(DATA EXTRACT Opens)
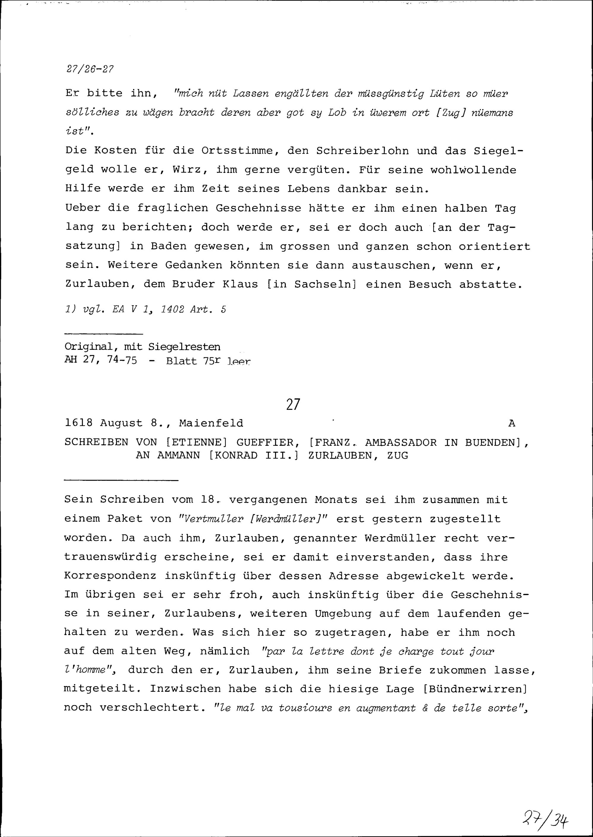 Schreiben von Johann IV. Wirz, Altlandammann von Obwalden, an Konrad III. Zurlauben, Ammann, Zug
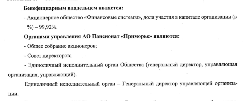 По данным на конец 2024 года владельцем 99,9% доли в АО «Пансионат с лечением «Приморье» было АО «Финансовые системы». Последнее было трансформировано из одноименного ООО, которым владели мать вице-премьера Дениса Мантурова Тамара Мантурова и компания «Финансовые инвестиции» Станислава Чемезова - сына главы госкорпорации Ростех Сергея Чемезова. И хотя АО не раскрывает бенефициаров, вряд ли что-то поменялось, так как директора они не меняли.
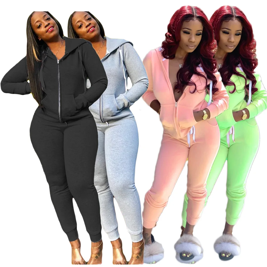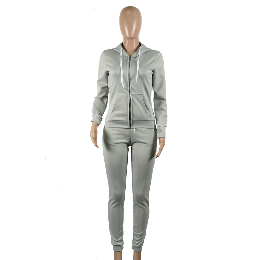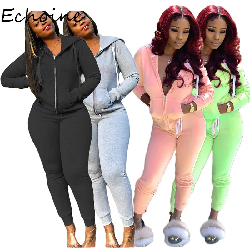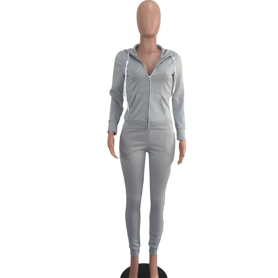 Женский спортивный костюм из двух предметов, однотонная спортивная одежда с длинным рукавом и капюшоном, комплект из двух предметов, пальто и длинные штаны, одежда для клуба, весна 2020
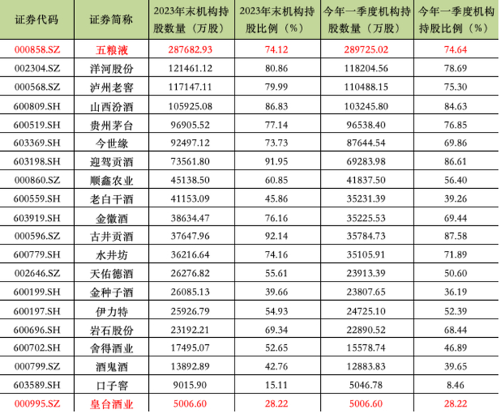 事实上,今年一季度,有18家上市酒企均被机构股东不同程度上减持。申万宏源指出,2024年将是白酒板块预期和估值的修复之年,行业整体需求短期仍有压力。
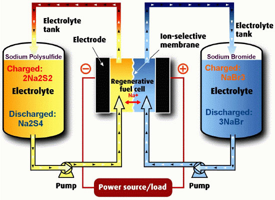 PSB is a regenerative fuel cell technology that provides a reversible electrochemical reaction between two salt solution electrolytes (sodium bromide and sodium polysulphide). PSB electrolytes are brought close together in the reactor cells where they are separated by a polymer membrane that only allows sodium ions to go through, producing about 1.5V. The net efficiency of this battery is about 75%. In the bromine/polysulfide system, the positive electrolyte is sodium bromide, and the negative electrolyte is sodium polysulfide. At the positive electrode, three bromide ions combine to form a tribromide ion. At the negative electrode, the sulfur in solution is shuttled between polysulfide and sulphide. The reactions are:
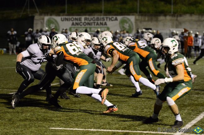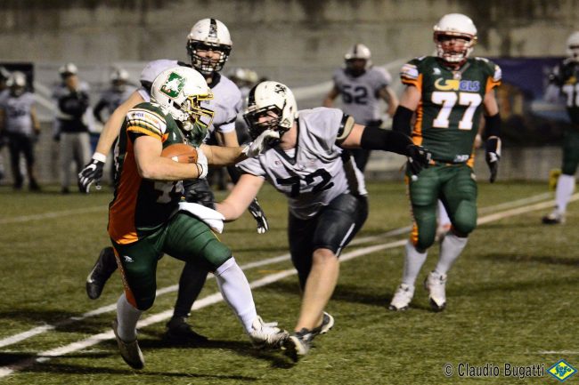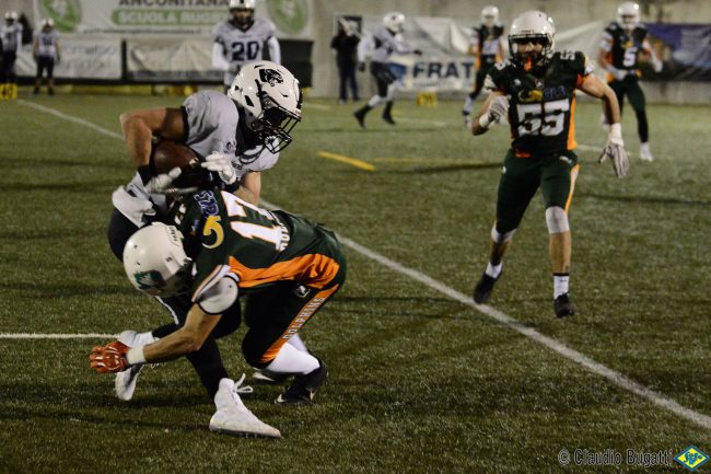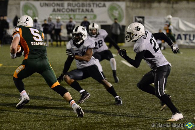 L’attacco di Parma macina yard su yard e appare inarrestabile guidato da Reilly Hennessey che sfrutta nei lanci Michele Canali e Vincenzo Ferraro e nelle corse Alessandro Malpeli Avalli. Ma giunti a poche yard dal touchdown, quando tutto sembrava compromesso per i Dolphins, il regista delle pantere cincischia e si crea un fumble che la difesa dorica recupera. Touchback. Si riparte dalle 20 yard e Hughes, lancio dopo lancio manda Dylan Albertson in touchdown e, con il successivo extra point trasformato da Cristiano Brancaccio si va in vantaggio per 7-0. Un drive per uno risulta inutile finchè la palla non torna ai Panthers che fanno 7 a 7 con un calcio di Teo Felli. Partita molto bella, fluida, che scorre via tra l’entusiasmo dei presenti senza particolari momenti di noia, tanto che al termine di una lunghissima azione i Dolphins vanno in vantaggio 10-7 grazie ad un field goal di Brancaccio. Sfortunatamente per i dorici, però, il successivo drive dei Panthers si conclude alla stessa maniera del precedente: corsa in end zone di Malpeli Avalli e trasformazione di Felli per il 10-14 che chiude così il primo tempo e che, come detto, reggerà fino allo scadere. I successivi due tempi restanti decretano la solidità di entrambe le difese, capaci di non concedere neanche più un punto ai rispettivi attacchi avversari; per i Dolphins segnaliamo un bell’intercetto del giovane Kristian Giardinieri. Un azione finale dei dorici riesce ad arrivare a poco più di 20 yard dalla end zone nemica ma un fallo di Filippo Lombardi annulla l’azione dei Dolphins e anzi li costringe a partire 15 yard più indietro come penalità.
(DATA EXTRACT Closes)
> **WHAT IS BEING ASKED**: Everything in the data except the pictures must appear in your answer unchanged.

> **RESULT FOR THIS TASK**:
 Schreiben von Johann IV. Wirz, Altlandammann von Obwalden, an Konrad III. Zurlauben, Ammann, Zug
 По данным на конец 2024 года владельцем 99,9% доли в АО «Пансионат с лечением «Приморье» было АО «Финансовые системы». Последнее было трансформировано из одноименного ООО, которым владели мать вице-премьера Дениса Мантурова Тамара Мантурова и компания «Финансовые инвестиции» Станислава Чемезова - сына главы госкорпорации Ростех Сергея Чемезова. И хотя АО не раскрывает бенефициаров, вряд ли что-то поменялось, так как директора они не меняли.
 Женский спортивный костюм из двух предметов, однотонная спортивная одежда с длинным рукавом и капюшоном, комплект из двух предметов, пальто и длинные штаны, одежда для клуба, весна 2020
 事实上,今年一季度,有18家上市酒企均被机构股东不同程度上减持。申万宏源指出,2024年将是白酒板块预期和估值的修复之年,行业整体需求短期仍有压力。
 PSB is a regenerative fuel cell technology that provides a reversible electrochemical reaction between two salt solution electrolytes (sodium bromide and sodium polysulphide). PSB electrolytes are brought close together in the reactor cells where they are separated by a polymer membrane that only allows sodium ions to go through, producing about 1.5V. The net efficiency of this battery is about 75%. In the bromine/polysulfide system, the positive electrolyte is sodium bromide, and the negative electrolyte is sodium polysulfide. At the positive electrode, three bromide ions combine to form a tribromide ion. At the negative electrode, the sulfur in solution is shuttled between polysulfide and sulphide. The reactions are:
 L’attacco di Parma macina yard su yard e appare inarrestabile guidato da Reilly Hennessey che sfrutta nei lanci Michele Canali e Vincenzo Ferraro e nelle corse Alessandro Malpeli Avalli. Ma giunti a poche yard dal touchdown, quando tutto sembrava compromesso per i Dolphins, il regista delle pantere cincischia e si crea un fumble che la difesa dorica recupera. Touchback. Si riparte dalle 20 yard e Hughes, lancio dopo lancio manda Dylan Albertson in touchdown e, con il successivo extra point trasformato da Cristiano Brancaccio si va in vantaggio per 7-0. Un drive per uno risulta inutile finchè la palla non torna ai Panthers che fanno 7 a 7 con un calcio di Teo Felli. Partita molto bella, fluida, che scorre via tra l’entusiasmo dei presenti senza particolari momenti di noia, tanto che al termine di una lunghissima azione i Dolphins vanno in vantaggio 10-7 grazie ad un field goal di Brancaccio. Sfortunatamente per i dorici, però, il successivo drive dei Panthers si conclude alla stessa maniera del precedente: corsa in end zone di Malpeli Avalli e trasformazione di Felli per il 10-14 che chiude così il primo tempo e che, come detto, reggerà fino allo scadere. I successivi due tempi restanti decretano la solidità di entrambe le difese, capaci di non concedere neanche più un punto ai rispettivi attacchi avversari; per i Dolphins segnaliamo un bell’intercetto del giovane Kristian Giardinieri. Un azione finale dei dorici riesce ad arrivare a poco più di 20 yard dalla end zone nemica ma un fallo di Filippo Lombardi annulla l’azione dei Dolphins e anzi li costringe a partire 15 yard più indietro come penalità.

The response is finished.